Meath S.F.C.
- Season: 1979
- Champions: Navan O'Mahonys 9th Senior Championship Title
- Relegated: Ballivor Martry Harps Moylagh
- Leinster SCFC: Navan O'Mahonys (preliminary round) Navan O'Mahonys 1-10, 1-11 Portlaoise
- All Ireland SCFC: n/a
- Winning Captain: Joe Cassells (Navan O'Nahonys)
- Man of the Match: Ben Tansey (Navan O'Mahonys)
- Matches: 40

= 1979 Meath Senior Football Championship =

The 1979 Meath Senior Football Championship is the 87th edition of the Meath GAA's premier club Gaelic football tournament for senior graded teams in County Meath, Ireland. The tournament consists of 16 teams, with the winner going on to represent Meath in the Leinster Senior Club Football Championship. The championship starts with a group stage and then progresses to a knockout stage.

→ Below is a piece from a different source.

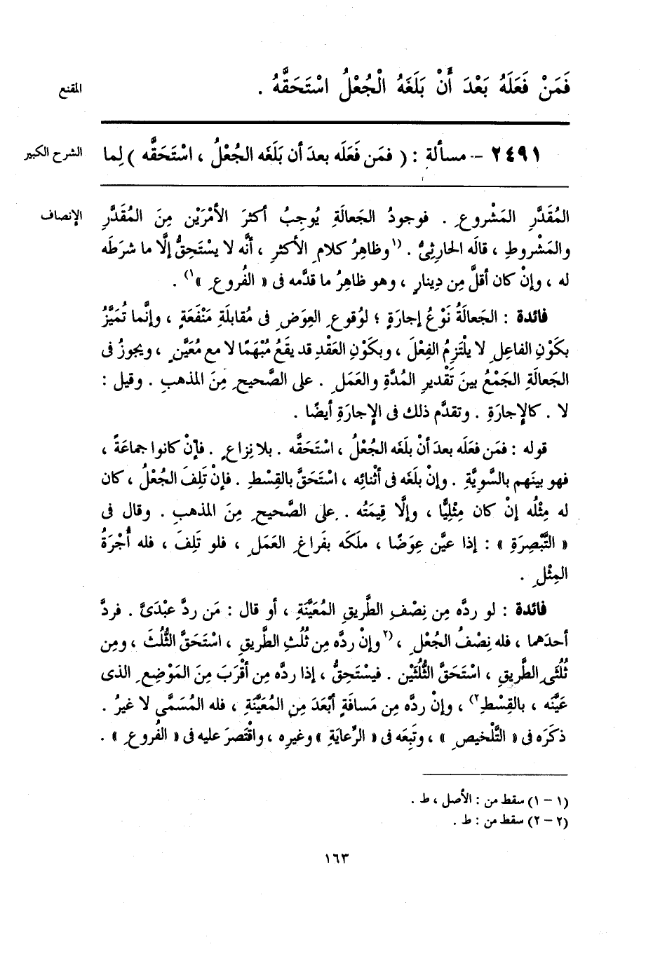 فائدة: لو ردَّه مِن نِصْف الطَّريقِ المُعَينةِ، أو قال: مَن ردَّ عبْدَيَّ. فردَّ أحدَهما، فله نِصفُ الجُعْلِ، [وإنْ ردَّه مِن ثُلُثِ الطَّريقِ، اسْتَحَقَّ الثلُثَ، ومِن ثُلُثَي الطريقِ، اسْتَحَقَّ الثُّلُثَين. فيسْتَحِق، إذا رده مِن أقْرَبَ مِنَ المَوْضِعِ الذي عَيَّنه، بالقِسْطِ] (¬2)، وإنْ رده مِن مَسافَة أبعَدَ مِن المُعَينةِ، فله المُسَمَّى لا غيرُ. ذكَرَه في «التَّلْخيصِ»، وتَبِعَه في «الرعايَةِ» وغيرِه، واقتصرَ عليه في «الفُروعِ».

Walterstown were the defending champions after they defeated Summerhill in the previous year's final. However, they lost their crown to Navan O'Mahonys in the final.

This was Duleek's return to the senior grade after claiming the 1978 Meath Intermediate Football Championship title.

On 20 October 1979, Navan O'Mahonys claimed their 9th Senior Championship title, when defeating Summerhill 1-9 to 1-3 in Pairc Tailteann, Navan. Joe Cassells raised the Keegan Cup for O'Mahonys while Ben Tansey claimed the "Man-of-the-Match" award. The final was also noted to be Meath legend Mattie Kerrigan's last S.F.C. match with Summerhill.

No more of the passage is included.